大手町のクリニックから、手術を受けるのならと紹介されたのが国際医療福祉大学三田病院だった。

「しかし、会社から大手町のクリニックに出向している方が心配してくれ、もう少し可能性を探ってもいいのではないかと、サイバーナイフ(定位放射線治療装置)のある新百合丘総合病院を紹介してくれました」

その病院を訪れた實原さんは、そこで改めて手術をするか、放射線をするか迷うことになる。

PET画像を見たベテラン医師の次の言葉だった。

「首のところが光過ぎていて、こんなに光っているがんというのはいままで見たことはない」

そのとき、改めてPET検査を受け直すと首に転移がなかったことがわかったのだ。

そこで初めて佐世保でPET検査を受けたとき、風邪の症状があったことを思い出した。

風邪の症状があるままPET検査を受けた結果、のどが炎症を起こしていて首元が光っていたのだ。

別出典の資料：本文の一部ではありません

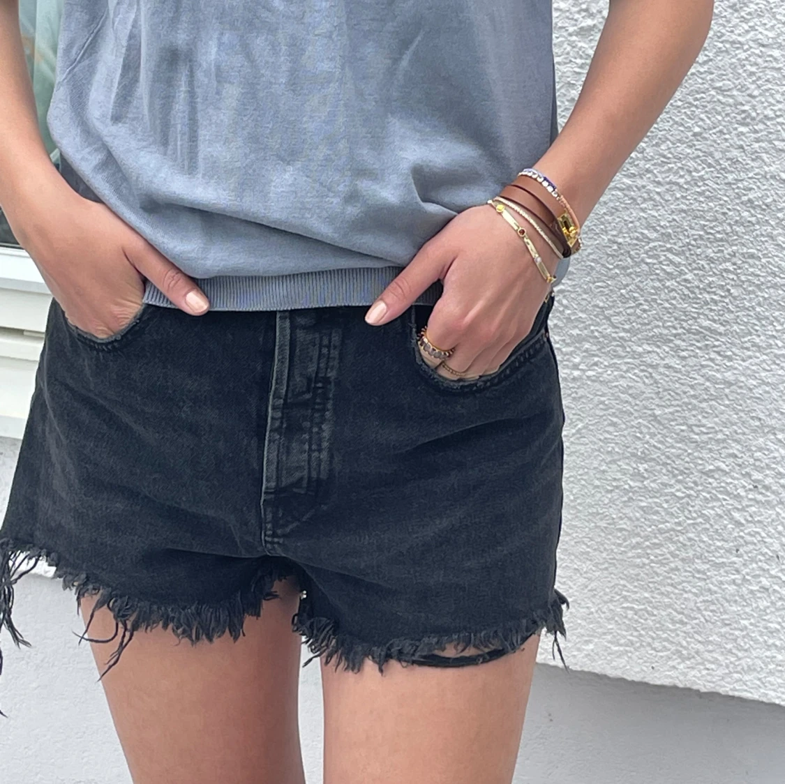 Jeansshorts i urtvättad svart/grå med slitningar från Zara🤍 Storlek 40 men sitter bra på mig som har S. (Finns fler produktbilder vid intresse)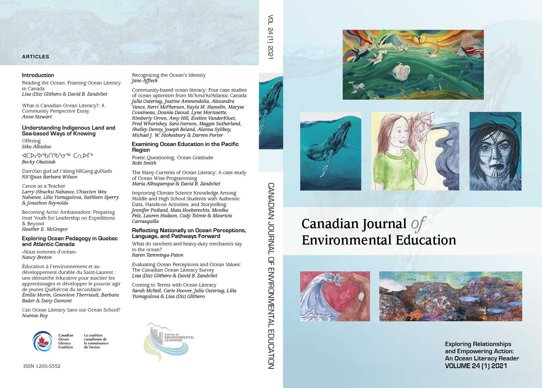 Full Cover for Volume 24(1) Authors Blair Niblett Trent University Abstract ~ Author Biography Blair Niblett, Trent University Associate Professor, Trent University, School of Education Downloads JPG Published 2021-06-07 Issue Vol. 24 No. 1 (2021): Exploring Relationships and Empowering Action: An Ocean Literacy Reader Section Complete Volume License The Canadian Journal of Environmental Education retains the copyright for published articles. Please contact the editors to request an alternate arrangement.

「その結果、一旦、振り出しに戻ったのですが、1回首に転移していると言われて、命のことを真剣に考えたらQOLよりもまず生きることが最優先だ、という考えになっていました。それに放射線治療のことをよくよく聞いていくと、同じ部位には1度しか照射できないし再発した場合、放射線治療はできず、いまよりももっと大きく切り取る手術をしなければならなくなる。まずは、手術で腫瘍を切り取ることを勧めます、と言われました」

新百合ヶ丘の医師が手術先を探してくれ、それががん研有明病院だった。

まだ放射線治療の可能性も捨ててなかったが、手術でも三田病院方式か、がん研有明病院方式かで悩むことになる。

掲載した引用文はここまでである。